For recessed downlights, controlling the light distribution is just as important as the light output and luminous efficacy. Depending on the beam spread, LED downlights fall into categories of spotlights and floodlights. Floodlights that have a beam spread above 60° are referred to as having a very wide flood beam. These luminaires are generally used to provide general lighting or wall washing. Ultra-thin, flat panel LED downlights radiate across a beam spread of up to 120°. Illuminance uniformity is of one of the most important design parameters for wide beam flood lighting. A smooth, uniform light distribution eliminates shadows in the neighboring areas of two beams on a flat surface, which allows to create an even washing effect on vertical surfaces or avoids visual fatigue due to continuously adapting between two different horizontal luminance levels. An exceptional uniformity of horizontal illuminance also maximizes spacing criteria (SC).

Beam Spread


Recessed downlights that provide accent and task lighting use very narrow spot (5° or smaller), narrow spot (6°-9°), spot (10°-19°), narrow flood (20°-25°), flood (30°-40°), or wide flood (55°-60°) beams. Beam or beam spread in directional lighting applications refers to the field angle, an angle between the two directions in the plane in which the intensity is 10% of the maximum beam intensity. Lumens that fall within the field angle is considered to be useful lumens. Lumens falling outside the field angle are called spill light which should be eliminated or minimized. The field angle alone cannot define the beam performance because it tells only how wide the light is spread. The angle at which the half-maximum intensity occurs is used to measure where most of the light is going. This angle is commonly knowns as beam angle or the full beam width at half-maximum (FWHM).

Beam angle

Image courtesy of Acuity Brands

Accent lighting has varied requirements on the field-to-beam ratio which dictates if the beam is hard or soft. A hard beam has beam angle very close to the field angle, which results in a sharp drop-off at the edge and makes the beam look clean and crisp. A soft beam has a small beam angle and fades gradually out toward the edge of the field beam. A hard beam creates pinpoints accentuation for a dramatic emphasis on the object. A soft beam provides smooth transition from dark to light and thus better visual integration with the surrounding.

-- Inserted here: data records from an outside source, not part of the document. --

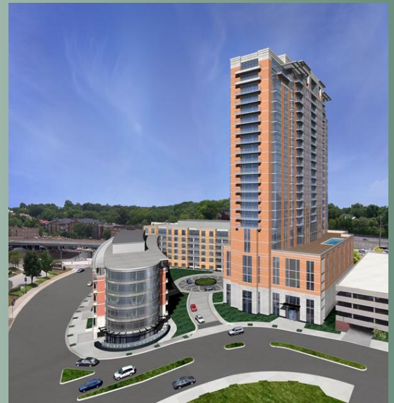
Rendering of the Orchard Development Group project looking southeast

For the second time in less than a year, the City has approved plans for another outstanding development to be built in its central business district. In December 2005, the Board of Aldermen approved the Centene Plaza redevelopment project designed for the block bounded by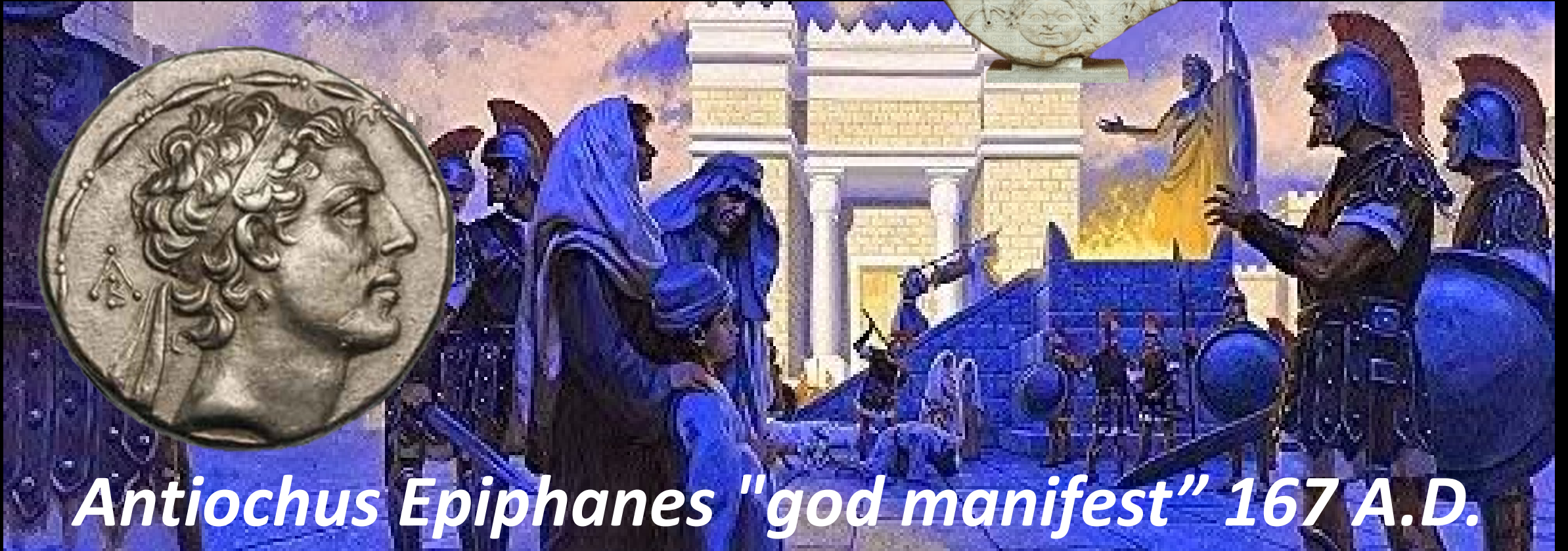
Antiochus Epiphanes "god manifest" 167 A.D.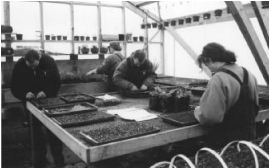
Inmates at work in a prison plant nursery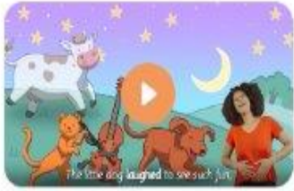
Hey, Diddle, Diddle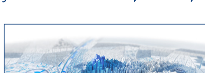
Architecture, Engineering, and Construction Collection

Get the most out of your favourite software. Industry collections combine leading products with specialized solutions to optimize your workflows so you can do more, faster, with greater confidence .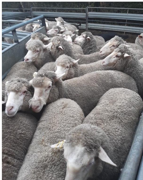
2021-Drop Hogget weighing. Photo courtesy of David Eckert, 26 th October 2022

Prior to shearing in late January/early February, adult mid-side samples and visual classing data will be collected as well as post shearing visual classing data and greasy fleece weight at shearing. The Eckert Family have kindly offered to yard the adult progeny in individual sire groups for viewing before they are shorn. Further details on the date of inspection will be provided later. Note this is purely an offer to view the progeny in the yards before they are shorn. Adult shearing and final off-shears adult weight of the ewes will mark the completion of the 2021 drop trial.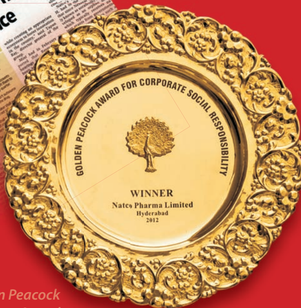
Golden Peacock Award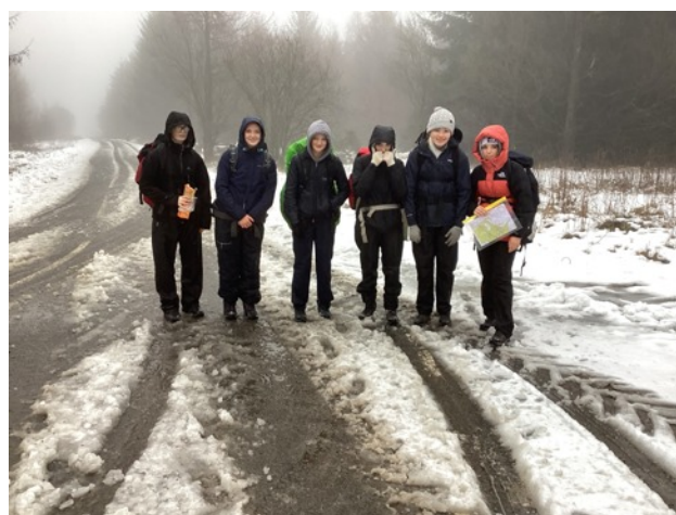
Pictured: The Bronze students in the snow in Dalby Forest

Just before half-term, over 50 of our motivated and resilient Year 10 students headed up into the North York Moors to complete their Bronze DofE practice expedition. Starting at Thornton Dale, students navigated up to the high plateau of Dalby Forest, encountering driving snow and heavy winds. Supported by staff, they developed their navigational skills and gained respect for the natural environment. Students spent the night at Birch Hall scout camp, cooking their own meals before heading walking back home the following day. Well done to all involved and we hope that your June qualifying expedition will be a little bit warmer!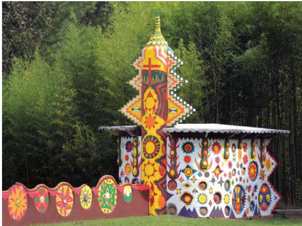
Propane Shed Pagoda – Back of Site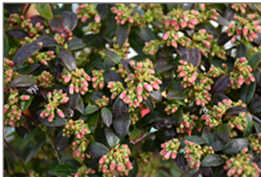
Blueberry Glaze Blueberry flowers

This is a multi-stemmed deciduous shrub with a mounded form. Its average texture blends into the landscape, but can be balanced by one or two finer or coarser trees or shrubs for an effective composition. This is a relatively low maintenance plant, and usually looks its best without pruning, although it will tolerate pruning. It is a good choice for attracting birds to your yard. It has no significant negative characteristics.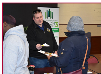
Operating Engineers 150.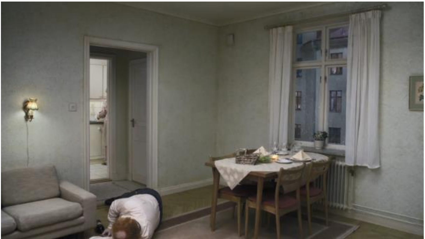
Figure 3 - "A Pigeon Sat on a Branch Reflecting on Existence" (2014)

husband's death in the play, and what cannot be redeemed is the indifferent marriage. Originally love each other, and live together as lovers, but they are full of estrangement. In the second paragraph of "Three Appointments with Death", an old woman dying in a hospital bed clutches a handbag full of jewellery accumulated in her life and refuses to let go. In vain, her children persuade her to let go; she starts to pull the old woman. In the shouting, the abnormal relationship between the two generations is exposed naked on the screen through jewelry, a symbol of money and wealth. The old woman's son said, "You can't take a handbag to heaven." Everyone knows that people can't take their wealth with them after death, but they still can't let go of their worldly desires. Art is a mirror of life, but postmodern aesthetic theory holds that art is not a mirror, and what art creates is not an illusory delusion but reality. "People die for money; birds die for food", money interests blind human eyes, the tragedy of the characters in the drama is our tragedy; it is hidden in all aspects of our lives.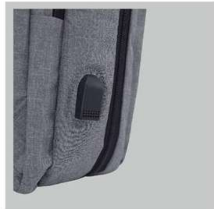
External USB charging port.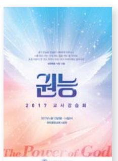
Textbook for Teachers' Conference 2017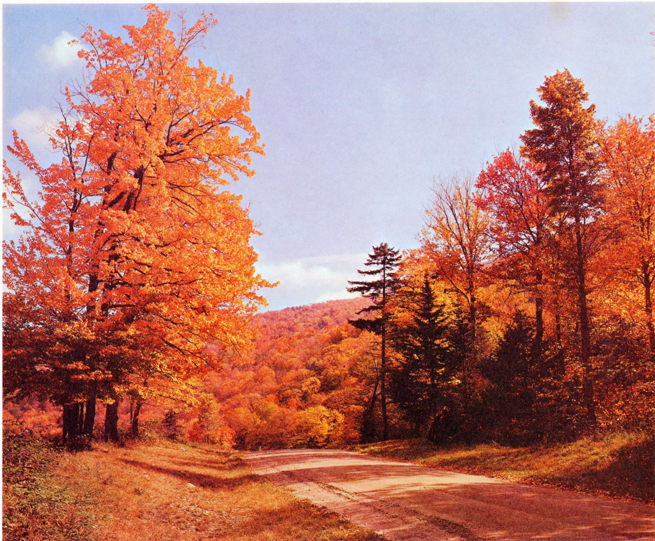
A BLAZE OF GLORIOUS COLOR HERALDS APPROACHING WINTER IN NEW ENGLAND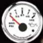
MMOPW-90W(010) ELECTRICAL OIL PRESSURE GAUGE WARNING-0.8BAR W/SENSOR 0-10BAR, 0-145PSI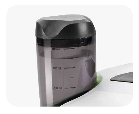
Very gentle thanks to temperaturecontrolled liquid Even sensitive teeth and gums are no longer irritated.

Simple, safe and relaxing. The piezo scaler Tigon+ facilitates your daily work processes considerably and your patient remains completely relaxed during the treatment.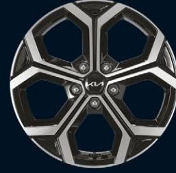
18" Alloy (HEV GT-Line)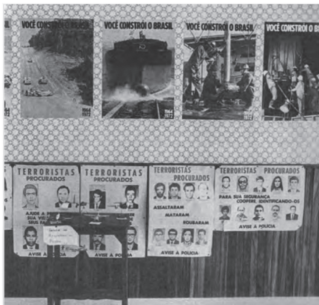
The Brazilian government's institutional propaganda, early 1970s. Elio Gaspari, A Ditadura Escancarada (2002)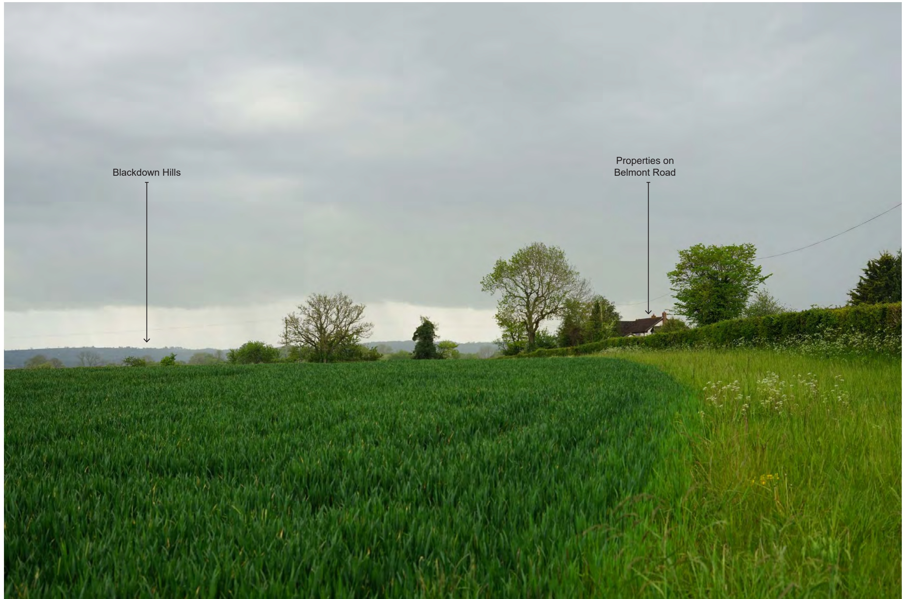
Photograph 17.2 Summer | Viewing distance at A3: 542mm | Horizontal field of view: 39.6° | Direction of view: South Camera: Sony ILCE-7 FFS | Lens: Sony FE 50mm F1.8 | Camera height: 1.5m AGL | Date taken: 17/05/2021 | Aperture: 6.3 | ISO speed: 100 | Shutter: 1/100 sec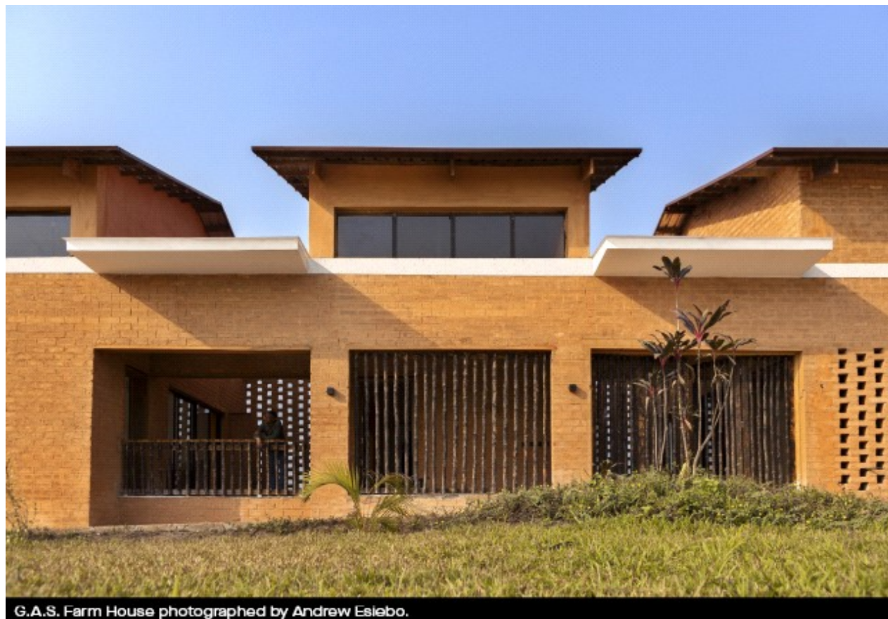
G.A.S. Farm House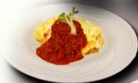
Spicy Omelet Rice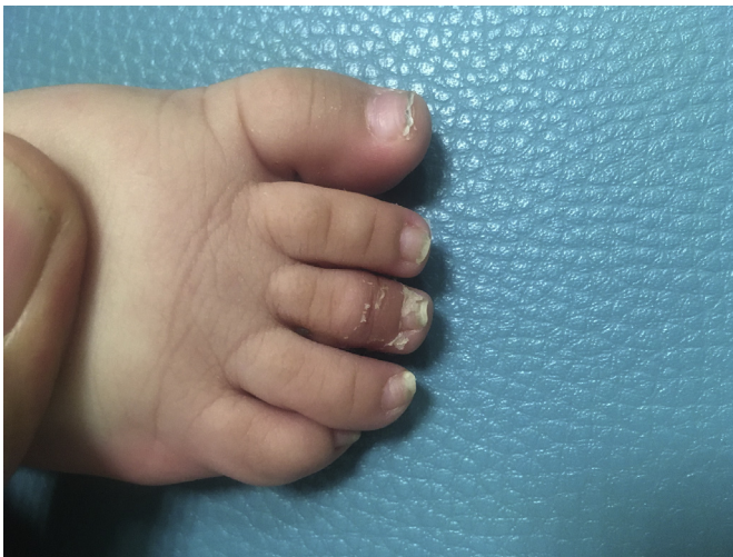
Fig. 4. Healed toe 15 days after the removal of hair (Patient 13).

affected appendage. However, the condition could as well be seen in the fingers, genitals or the uvula. 6–8 There is no information about the side of the toes mostly affected, but in our series, the right side was statistically significantly higher ( p = 0.019 ). HTS is an emergency situation and the removal of hair or thread should be done as soon as possible.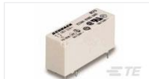
TE Part #1-1393223-4 V23061B1006A501=MINISTARKSTROM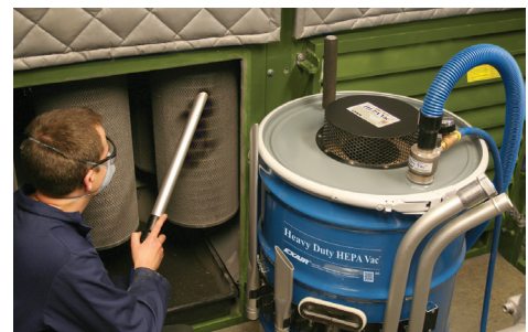
A clogged filtering system for a buffing booth is quickly cleaned and put back into service using the Heavy Duty HEPA Vac.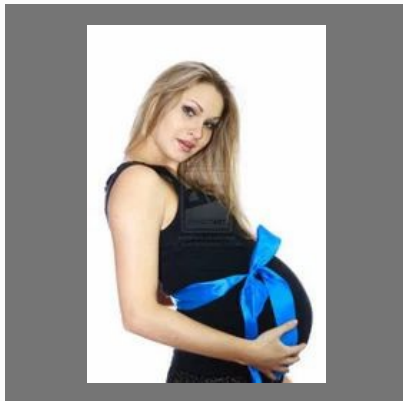
Pregnancy Fitness Clubs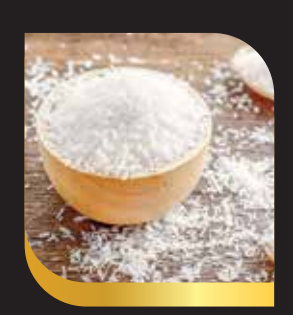
No MSG, No Preservatives, No Artificial flavor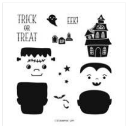
Tricks & Treats Photopolymer Stamp Set (English) - 162223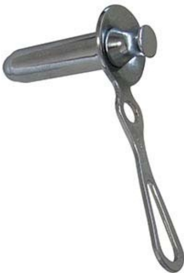
直型 (平口) Straight Connection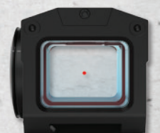
3 MOA DOT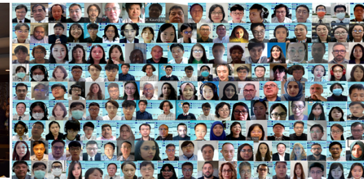
ICMHI 2022 | 2022.5.13-15 VIRTUAL CONFERENCE

ICMHI 2023 papers were published in ACM Proceeding, ISBN: 979-8-4007-0071-2, and indexed by Ei Compindex and Scopus successfully.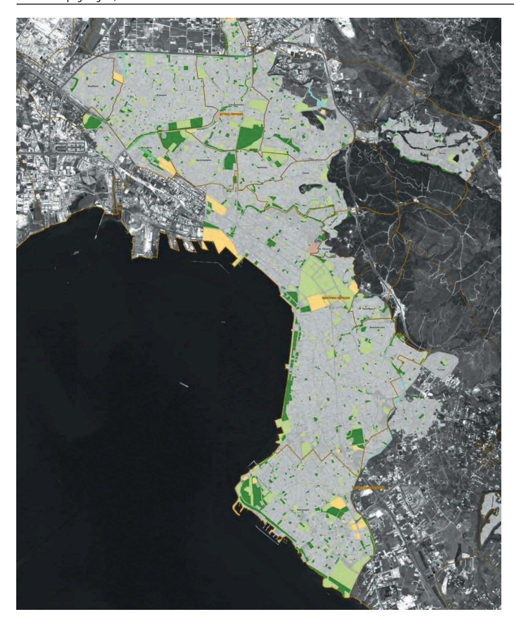
Fig. 2 Green spaces in the urban agglomeration of Thessaloniki.

policy factors), Thessaloniki is notable for a better embedding of the feature "green" compared to Athens, and for providing easier access to green spaces for its citizens (due to their dispersion).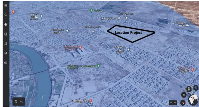
Fig.(1):- The location of the project in relation to the master plan for the city of Kut. Reference: Researcher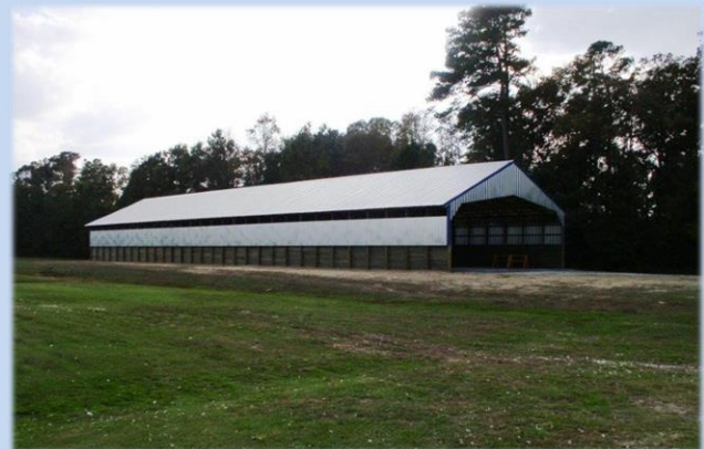
Pictured above is dry litter storage. This structure provides environmentally safe storage of litter and allows for proper timing of litter application to crops. It also stabilizes litter for pathogen and insect control.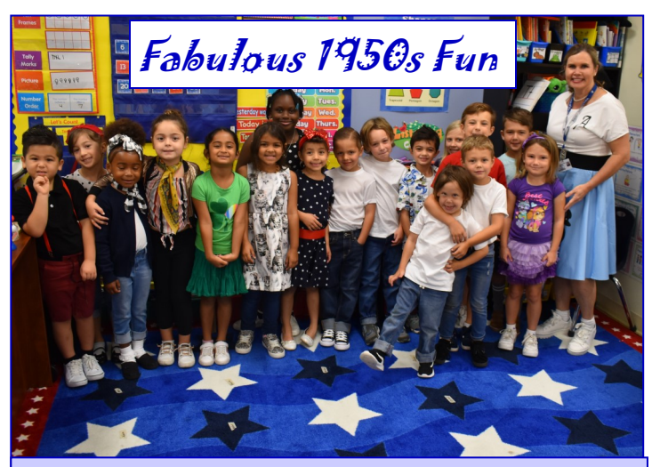
Kindergarten students and their teachers dressed in Fab '50s Oct. 6.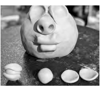
<u>Step 14</u> Cut two of the balls in half and make them into shallow cups as shown. Place them on the eyeball to form eyelids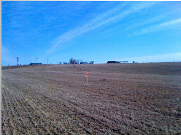
Gurtler wells • East View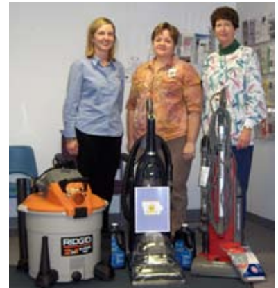
Howard County is ready to begin their healthy homes outreach project

Iowa's Healthy Homes Initiative officially started in September 2007 with funding from the Centers for Disease Control and Prevention (CDC). Housed in the Bureau of Environmental Health Services, the overall goal of the Healthy Homes Initiative is to facilitate a holistic approach to housing and health issues faced by Iowans. Activities of this initiative include: 1) Providing training on housing issues to local environmental health staff, 2) Developing educational opportunities and materials for rural and Spanish-speaking Iowans and 3) Facilitating a statewide advisory committee to determine the future of healthy homes in Iowa.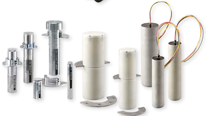
SUPPORTS CDI X-SERIES, CD42 "LEGACY," AND MANY OTHER PIGGING TRANSMITTERS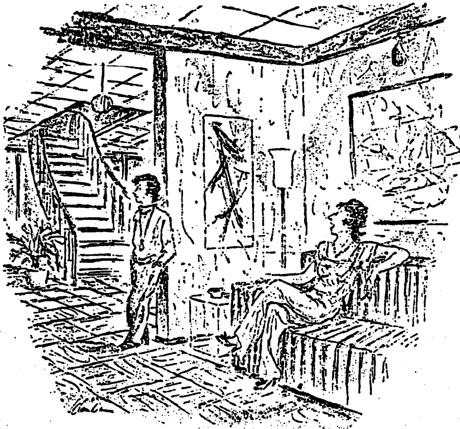
"Look, dear, I've tried to be less of a non-person and more of a mother. As if that weren't enough, now you want relevance."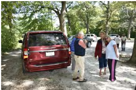
Comparing notes at the Fox's lair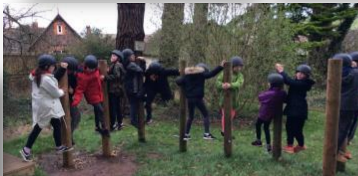
The children faced and overcame many challenges. They supported each other well.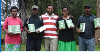
Distribution of Bibles to various local Churches in Kerowagi District.

And surely I am with you always, to the very end of the age.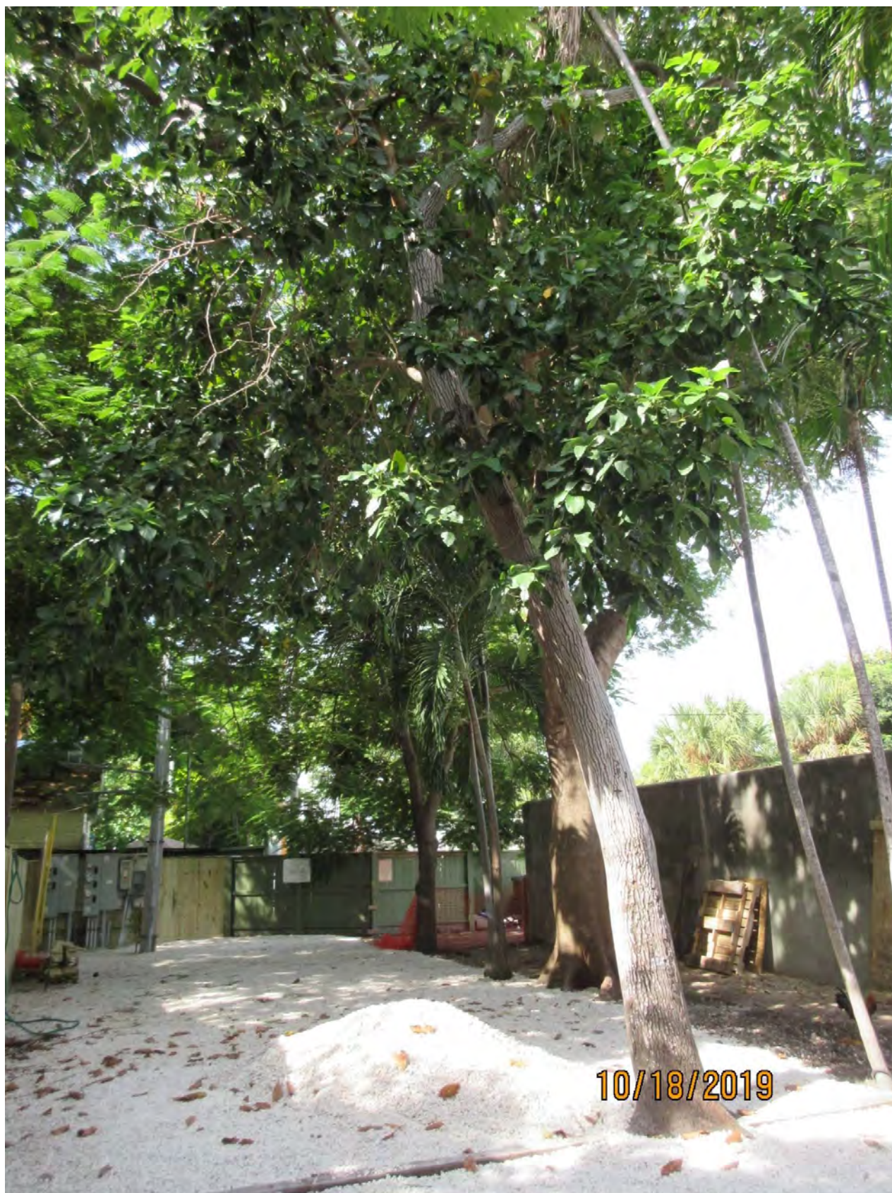
Full photo of avocado tree.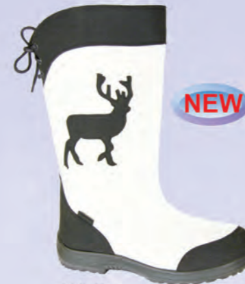
White 1503 13 Sizes: 36-42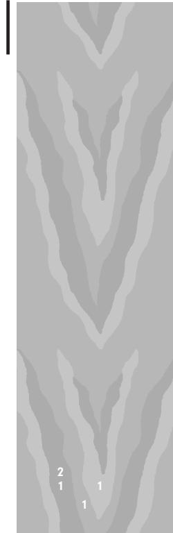
30" x 18" SECTION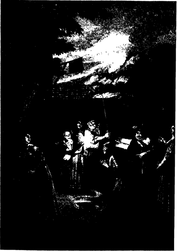
Don Quixote commanded to kneel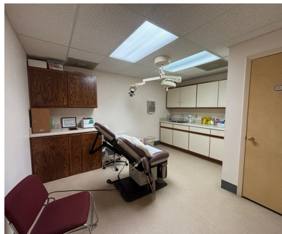
OCONEE COUNTY TAX MAP NO 207-05-01-032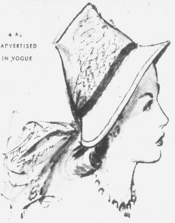
"BERMUDA" by STETSON...$11.95

Brand-new look for a brand-new season: the pale coolness of Stetson cone crown above a Spring suit! (Light colors slightly higher.)

The luminous intensity at the center of a symmetrical beam is called center beam candlepower (CBCP). The optic design objective of most narrow-beam accent lights is to deliver high CBCP rather than the amount of lumens projected onto the object. A spot beam with a high CBCP packs enough of a punch for a strong visual impact. On the other side, when spot, narrow flood or flood beams are used to illuminate a task, uniform light distribution far outweighs punch.

LED Module​

An LED module, also known as an LED array, is an assembly of LED packages on a printed circuit board (PCB), with additional thermal, mechanical, and electrical surfaces that allow the LED assembly to be integrated with other system components such as the driver and heat sink. The LED module may include a single LED package such as a chip-on-board (COB) LED, or a ceramic-based high power LED. This type of modules is generally used for directional lighting which requires a high flux density light source for focused, localized illumination. The LED module can also include a number of mid-power LED packages or chip scale packages (CSPs) connected in a series string or in a mix of parallel and series for constant current designs. Multi-package LED modules are typically used to create a flood beam for wall washing or ambient lighting.

The type of LED packages that an LED downlight uses can significantly affect system performance and reliability. The variety of LED package platforms exhibits diverse thermal behaviors, optical performances, drive current densities, and board interconnectivity. Ceramic-based high power LED packages attach a large LED die to a metallized ceramic substrate that creates a high efficiency thermal path for effective extraction of heat from the active region of the LED. This design allows high power LEDs to operate at very high currents, resulting in high optical flux densities for a powerful, high CBCP beam that's most wanted in spotlighting applications. In contrast to high drive current, high operating temperature capable ceramic-based high power packages, mid-power SMD LEDs that are packaged in an industry-standard PLCC package have poor lumen maintenance and color stability. While mid-power LEDs have an attractive price point and initial lumen/watt, the poor thermal stability of their reflective housing that contributes to a high efficiency light extraction and significant thermo-mechanical mismatch between the leadframe and the die (CTE and Young's modulus) rule out these plastic packages in high power and high flux density applications. Mid-power LEDs are mostly used in downlights that provide ambient lighting. Their discrete nature makes them advantageous in producing beam patterns with a low flux density but a wide distribution.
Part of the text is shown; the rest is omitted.